На невообразимо длинной Луизенштрассе дома постепенно приобретали красноватый оттенок. На углу улицы мужчина в толстых шерстяных перчатках продавал каштаны. У него были глубокие голубые глаза, и Азиадэ подумала, что в их жестком, полном уверенности взгляде есть что-то от короля Фридриха и поэта Клейста.[4] Но тут продавец каштанов смачно сплюнул. Азиадэ испуганно отшатнулась. Да, от этих мужчин можно ожидать чего угодно, а Клейст уже давно покинул этот мир.

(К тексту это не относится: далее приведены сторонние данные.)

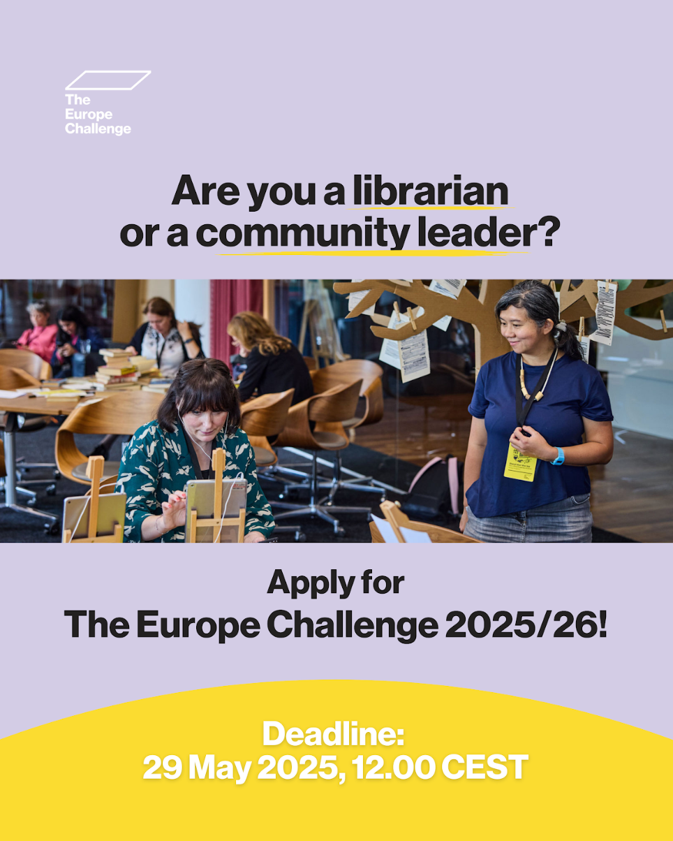 Vai jūsu bibliotēka un vietējā kopiena vēlas kopīgi risināt aktuālus sociālos, digitālos vai vides izaicinājumus? “Eiropas izaicinājums” ir ikgadēja programma, kas apvieno bibliotēkas un kopienas visā Eiropā, lai attīstītu, dalītos un īstenotu radošus risinājumus ar Eiropas Kultūras fonda un tā partneru atbalstu. Pieteikšanās “Eiropas izaicinājuma 2025/26” programmai atvērta līdz 2025. gada 29. maijam.
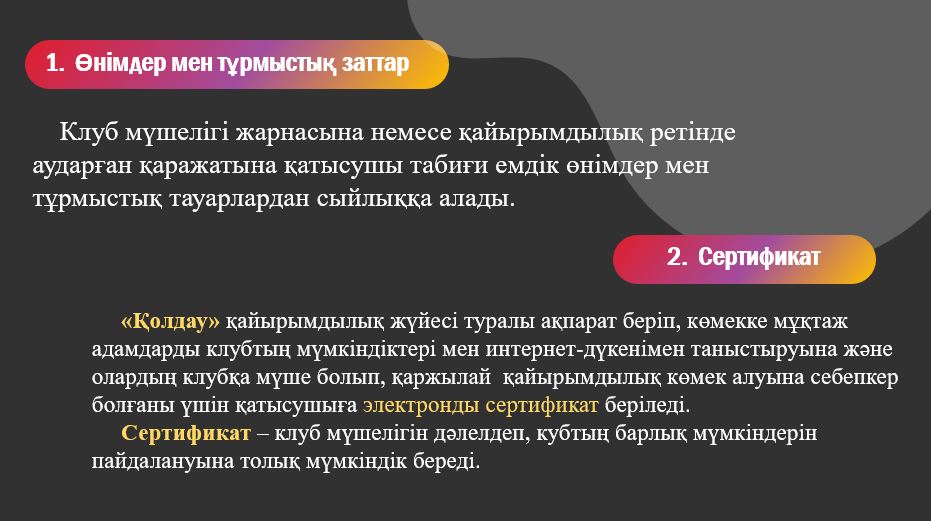 "Қолдау" бағдарламасы – өз денсаулығын күтіп, рухани дамып, табыс табуға, көмек алуға және жақсылық жасауға ұмтылатын клуб мүшелеріне арналған платформа.
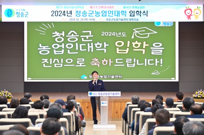청송군농업인대학 학장 윤경희 청송군수는 “농업인대학 학생들의 입학을 진심으로 축하드린다.”며 “시대가 변화하는 흐름에 따라 배우고자 하는 열의가 장차 전문농업인으로 성장하는 발판이 되고, 나아가 청송사과 산업의 미래가 되어주길 바란다.”고 전했다.
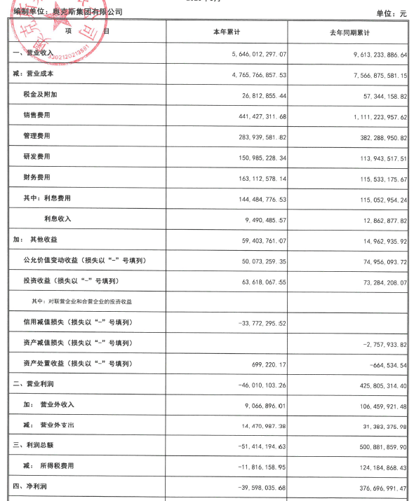 根据奥克斯集团在上清所公布的2020年一季度财务报表,其总营业收入只有56.46亿元,相比去年同期大幅下降41.27%;净利润降低至负数,一季度的净利润共亏损了3960万元。

Она сглотнула слюну, снова ощутив при этом сильную боль в горле, и медленно пошла дальше по мокрому асфальту. Капля дождя, упавшая за воротник, медленно скатывалась по спине. Она крепче сжала в руке портфель и увидела впереди на левой стороне улицы памятник Вирхову.[5] Все вокруг приобретало медицинские оттенки: прилавки магазинов сверкали металлом хирургических пил, зубоврачебных инструментов, лежащих по соседству с учебниками по общей патологии. Азиадэ остановилась перед одним из прилавков и поежилась: из-за витринного стекла ей улыбался скелет с тонкими костями. Она оказалась зажатой между покойным Вирховом и скелетом. В зеркале витрины она увидела собственное вытянувшееся от испуга лицо с покрасневшими щеками. Слева возвышалась красная стена Шаритэ,[6] за оградой – голые ветви деревьев и больные в пижамах в бело-голубую полоску. Она пошла дальше, съежившись, втянув голову в плечи. Ей уже не было холодно, от насквозь промокшего плаща пахло резиной.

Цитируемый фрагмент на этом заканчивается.